Work order
From the first line to the last, give the records again exactly and skip the pictures.

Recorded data
────────
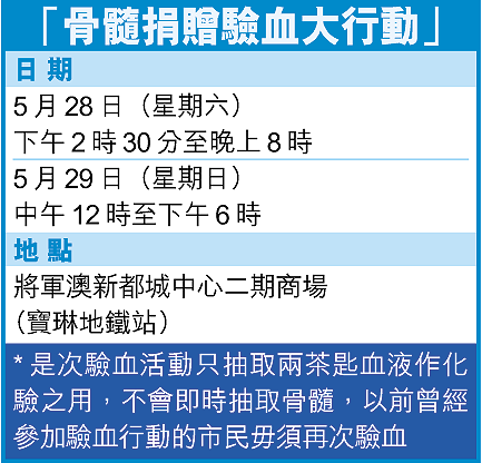 日前,嘉詠與母親從澳門來港,到瑪麗醫院進行身體檢查及抽血化驗,她在完成檢查後,將於明早返回澳門,故未能出席骨髓驗血大行動,惟母女不忘同心呼籲。
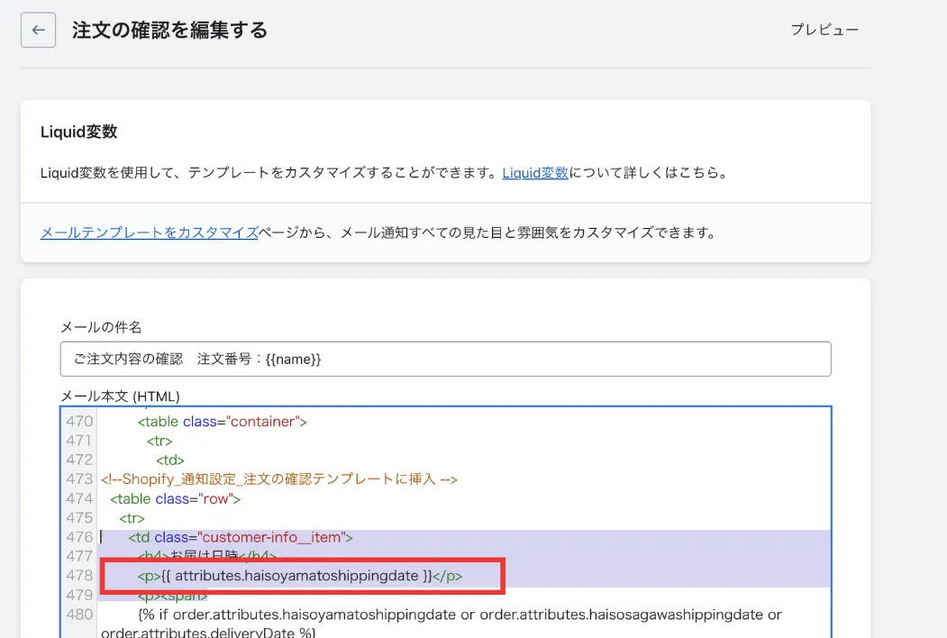 Shopifyの設定>通知からテンプレートの編集ができます。その中に<p>{{ attributes.haisoyamatoshippingdate}}{{attributes.haisoyamatoshippingtime}}</p>を入れるとメールに配送日時を表示させることができます。
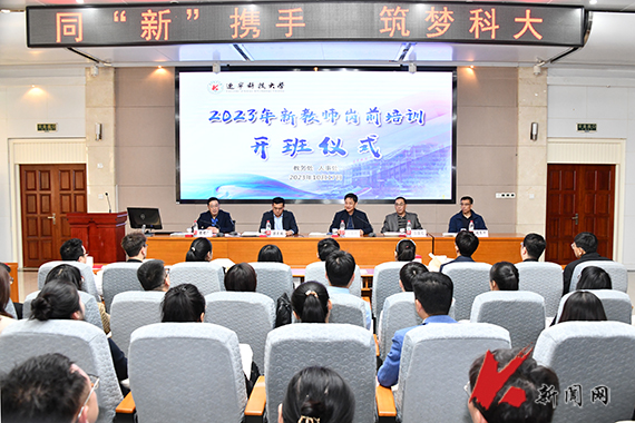 10月18日,乐动在线下载(中国)在图书馆报告厅举行2023年入职教师岗前培训开班仪式。教务处、宣传部、人事处、教学质量监控与评估中心负责人,2023年入职教师及其指导教师代表参加开班仪式。校党委常委、副校长李胜利出席开班仪式并讲话。
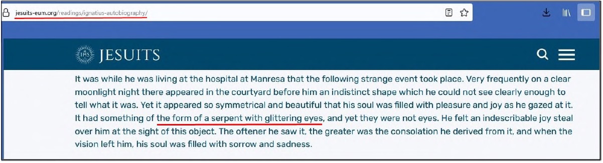 A citação vem direto da autobiografia de Loyola, onde ele fala de si mesmo na terceira pessoa. Em outras palavras, ele está descrevendo a experiência mística em suas próprias palavras. Incrivelmente, ele diz que sentium uma "alegria indescritível" quando viu essa entidade sobrenatural que tinha "a forma de uma serpente".
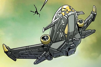 (Symbiote Spider-Man: King in Black#3) - When Spider-Man was flung off of the Wayfarer Quinjet as the shadowy Mister E piloted it off-Earth, Rocket had the Rakk'n Ruin II pick up the falling Spider-Man and the hero was brought onboard, only to kick Kang when he recognized the villain. A fight quickly ensued between Spider-Man and Kang while Rocket tried to continue flying the Rakk'n Ruin II but the fight was eventually broken up when Kang proved his intentions by showing Spider-Man the recovering Black Knight in the ship's healing bay. Kang then explained the threat of the shadow creatures by showing Spider-Man one of the captured creatures that he intended to separate from its host and eject into the sun. When the Rakk'n Ruin II flew close enough to the sun, Kang did just that, revealing the creature's host to be the heroic Captain Marvel, who immediately attacked Kang just as Spider-Man had. The foursome then discussed why Mister E would want the Black Knight's Ebony Blade and where he might be taking it to destroy it, at which point Captain Marvel suggested he might take it to Knowhere.
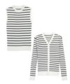 Vネックで女性らしい印象のカーディガンと、インナーに合わせてもごわつかないノースリーブニットのアンサンブル。単品使いもでき、ON/OFF問わず着回せるアイテムです◎
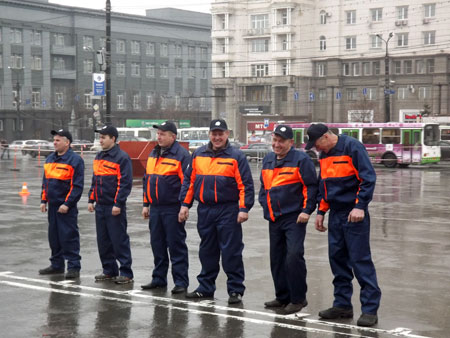 На площади Революции свое мастерство на пятитонных КамАЗах демонстрировали шесть лучших водителей мусоросборочных машин. Шоферы соревновались в фигурном пилотаже, в который вошли езда «змейкой» между разметочными конусами, «габаритный коридор», ежедневно выполняемый водителями мусоровозов в условиях крохотных дворов, и «парковка».
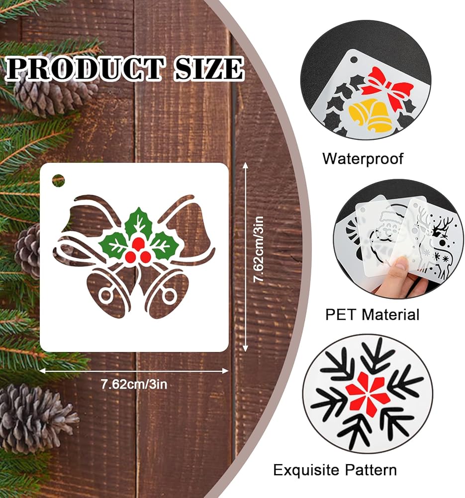 30pcs الإستنسل عيد الميلاد القابلة لإعادة الاستخدام لطلاء الطلاء DIY قالب الحرف مقال للطلاء لزينة عيد الميلاد DIY على جدار الخشب ديكور القماش 3 × 3 بوصة
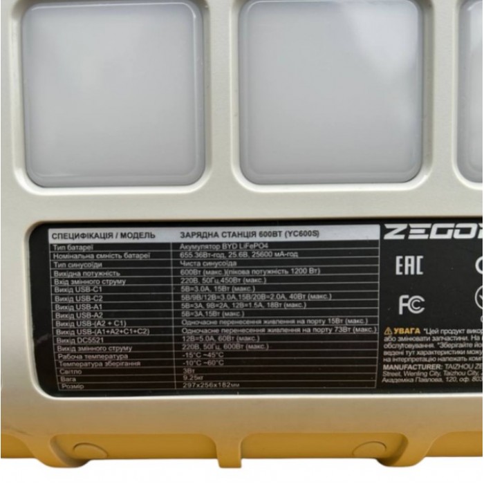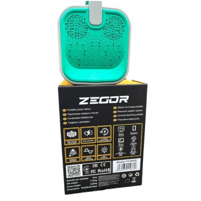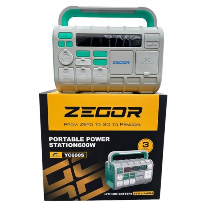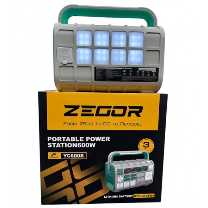 Зарядна станція Zegor YC600S (акумулятор BYD, Чиста синусоїда, 600 Вт ,пікова потужність 1200Вт, 655.36 Вт/год)
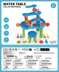 Obsah balenia: 2× vedro, 1× krhlička, 5× formička, 1× jednoduchý mlynček, 5× náradie do piesku (napr. lopatka, hrable, sitko), vodný/pieskový stolík s montážnymi doplnkami, 1× stolička.
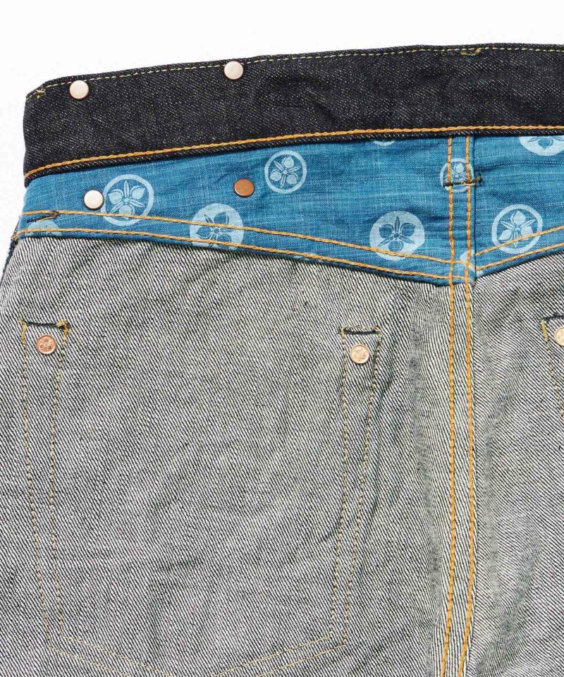 生地仕様:14.7oz 特濃インディゴブルーデニム / 右綾織り / 防縮加工 / ねじれ防止加工 / 毛焼き加工
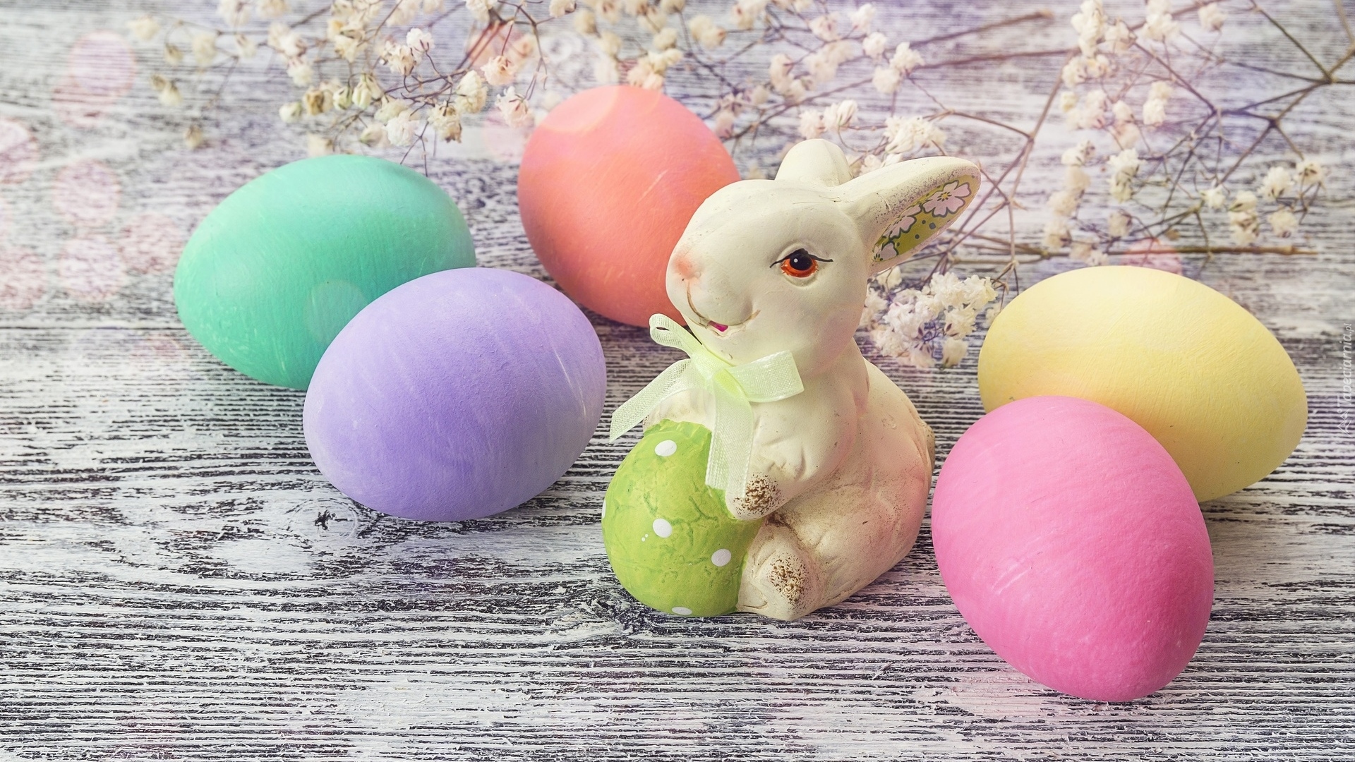 Edytor tapety: Figurka zajączka i pisanki na deskach
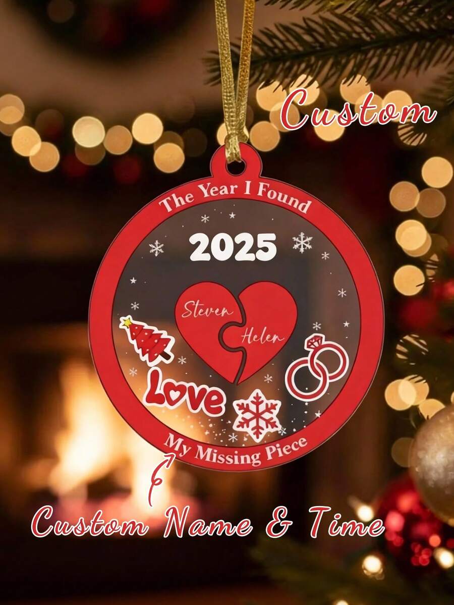 Adorno de Navidad personalizado para recién casados, rompecabezas de corazón con pieza faltante, recuerdo 2025
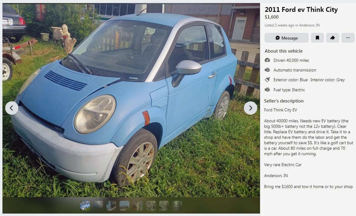 2011 seems so incredibly long ago now, doesn’t it? It’s hard to believe that it has been 15 years since we only had a $14-trillion national debt (compared to $38-trillion today), Andy Rooney retired from 60 Minutes, and CNET named 2011 as the year of the electric car. This 2011 Think City EV can be found here on Facebook Marketplace in Anderson, Indiana, and they’re asking $1,600. Here is the original listing, and thanks to Zappenduster for the tip!
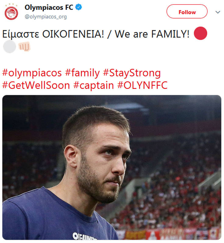Πριν τη σέντρα του φιλικού με τη Νότιγχαμ, οι συμπαίκτες του, ο Πέδρο Μαρτίνς, αλλά και ο Βασίλης Σπανούλης του ευχήθηκαν περαστικά, σε βίντεο που προβλήθηκε στα matrix του «Καραϊσκάκης». Ο Φορτούνης, που είχε βγει στον αγωνιστικό χώρο για να αποθεωθεί από τους οπαδούς, δεν κατάφερε να συγκρατήσει τη συγκίνησή του κι έφυγε δακρυσμένος και καταχειροκροτούμενος.
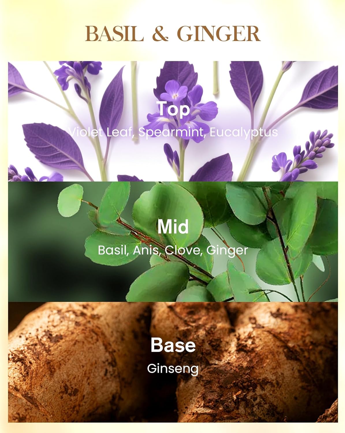 - Scent : basil, ginger
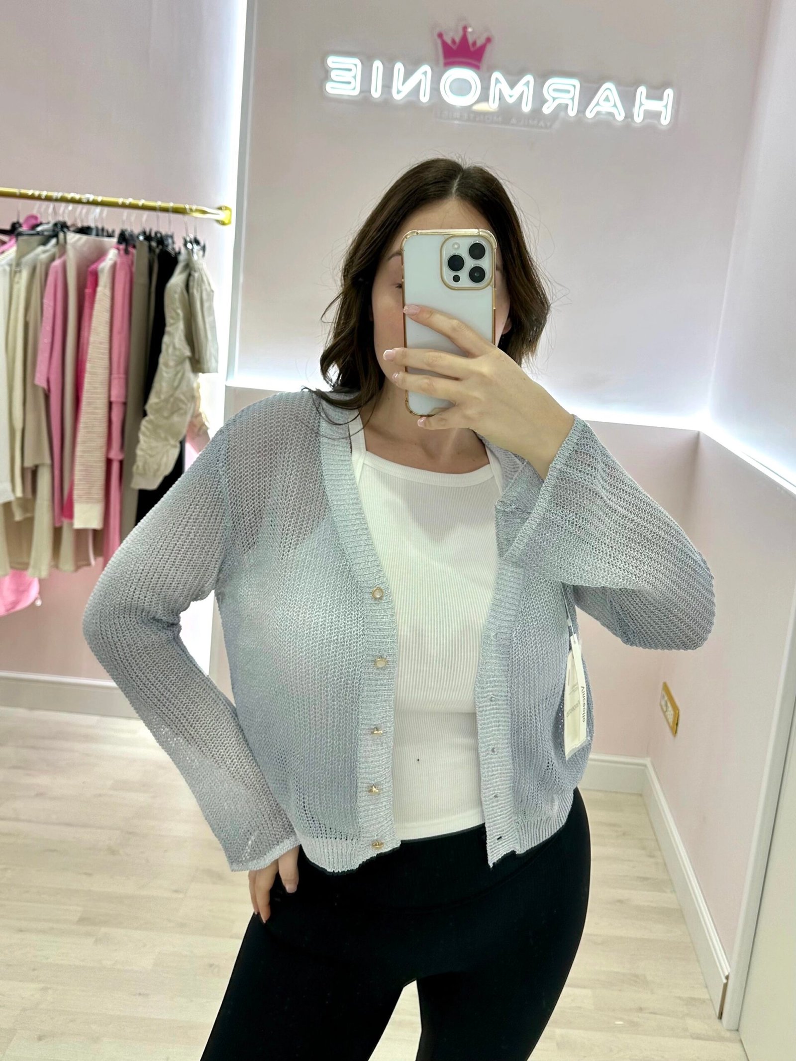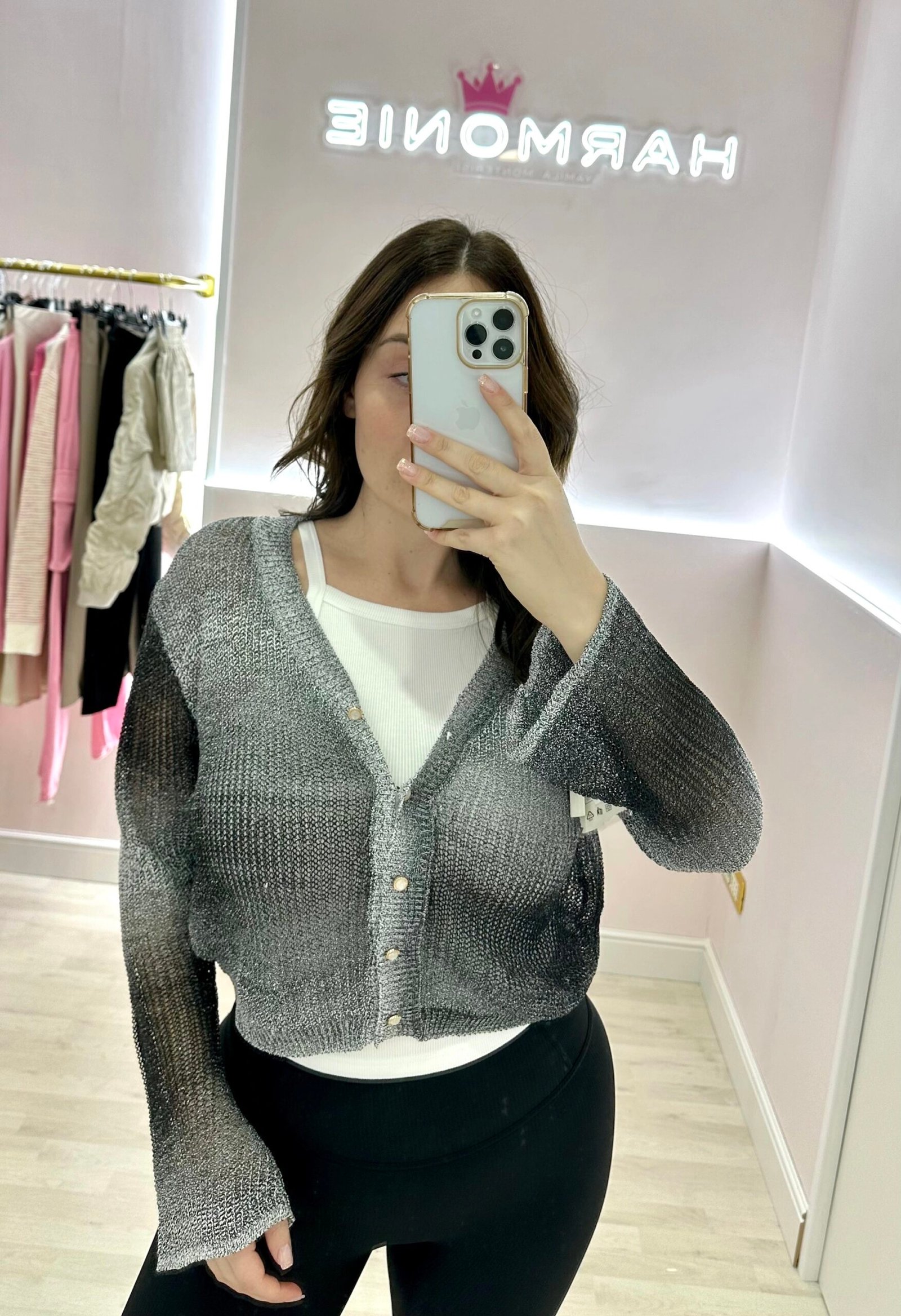 Cardigan crop con bottoni oro
────────
Answer to the exercise
 日前,嘉詠與母親從澳門來港,到瑪麗醫院進行身體檢查及抽血化驗,她在完成檢查後,將於明早返回澳門,故未能出席骨髓驗血大行動,惟母女不忘同心呼籲。
 Shopifyの設定>通知からテンプレートの編集ができます。その中に<p>{{ attributes.haisoyamatoshippingdate}}{{attributes.haisoyamatoshippingtime}}</p>を入れるとメールに配送日時を表示させることができます。
 10月18日,乐动在线下载(中国)在图书馆报告厅举行2023年入职教师岗前培训开班仪式。教务处、宣传部、人事处、教学质量监控与评估中心负责人,2023年入职教师及其指导教师代表参加开班仪式。校党委常委、副校长李胜利出席开班仪式并讲话。
 A citação vem direto da autobiografia de Loyola, onde ele fala de si mesmo na terceira pessoa. Em outras palavras, ele está descrevendo a experiência mística em suas próprias palavras. Incrivelmente, ele diz que sentium uma "alegria indescritível" quando viu essa entidade sobrenatural que tinha "a forma de uma serpente".
 (Symbiote Spider-Man: King in Black#3) - When Spider-Man was flung off of the Wayfarer Quinjet as the shadowy Mister E piloted it off-Earth, Rocket had the Rakk'n Ruin II pick up the falling Spider-Man and the hero was brought onboard, only to kick Kang when he recognized the villain. A fight quickly ensued between Spider-Man and Kang while Rocket tried to continue flying the Rakk'n Ruin II but the fight was eventually broken up when Kang proved his intentions by showing Spider-Man the recovering Black Knight in the ship's healing bay. Kang then explained the threat of the shadow creatures by showing Spider-Man one of the captured creatures that he intended to separate from its host and eject into the sun. When the Rakk'n Ruin II flew close enough to the sun, Kang did just that, revealing the creature's host to be the heroic Captain Marvel, who immediately attacked Kang just as Spider-Man had. The foursome then discussed why Mister E would want the Black Knight's Ebony Blade and where he might be taking it to destroy it, at which point Captain Marvel suggested he might take it to Knowhere.
 Vネックで女性らしい印象のカーディガンと、インナーに合わせてもごわつかないノースリーブニットのアンサンブル。単品使いもでき、ON/OFF問わず着回せるアイテムです◎
 На площади Революции свое мастерство на пятитонных КамАЗах демонстрировали шесть лучших водителей мусоросборочных машин. Шоферы соревновались в фигурном пилотаже, в который вошли езда «змейкой» между разметочными конусами, «габаритный коридор», ежедневно выполняемый водителями мусоровозов в условиях крохотных дворов, и «парковка».
 30pcs الإستنسل عيد الميلاد القابلة لإعادة الاستخدام لطلاء الطلاء DIY قالب الحرف مقال للطلاء لزينة عيد الميلاد DIY على جدار الخشب ديكور القماش 3 × 3 بوصة
 Зарядна станція Zegor YC600S (акумулятор BYD, Чиста синусоїда, 600 Вт ,пікова потужність 1200Вт, 655.36 Вт/год)
 Obsah balenia: 2× vedro, 1× krhlička, 5× formička, 1× jednoduchý mlynček, 5× náradie do piesku (napr. lopatka, hrable, sitko), vodný/pieskový stolík s montážnymi doplnkami, 1× stolička.
 生地仕様:14.7oz 特濃インディゴブルーデニム / 右綾織り / 防縮加工 / ねじれ防止加工 / 毛焼き加工
 Edytor tapety: Figurka zajączka i pisanki na deskach
 Adorno de Navidad personalizado para recién casados, rompecabezas de corazón con pieza faltante, recuerdo 2025
 2011 seems so incredibly long ago now, doesn’t it? It’s hard to believe that it has been 15 years since we only had a $14-trillion national debt (compared to $38-trillion today), Andy Rooney retired from 60 Minutes, and CNET named 2011 as the year of the electric car. This 2011 Think City EV can be found here on Facebook Marketplace in Anderson, Indiana, and they’re asking $1,600. Here is the original listing, and thanks to Zappenduster for the tip!
Πριν τη σέντρα του φιλικού με τη Νότιγχαμ, οι συμπαίκτες του, ο Πέδρο Μαρτίνς, αλλά και ο Βασίλης Σπανούλης του ευχήθηκαν περαστικά, σε βίντεο που προβλήθηκε στα matrix του «Καραϊσκάκης». Ο Φορτούνης, που είχε βγει στον αγωνιστικό χώρο για να αποθεωθεί από τους οπαδούς, δεν κατάφερε να συγκρατήσει τη συγκίνησή του κι έφυγε δακρυσμένος και καταχειροκροτούμενος.
 - Scent : basil, ginger
 Cardigan crop con bottoni oro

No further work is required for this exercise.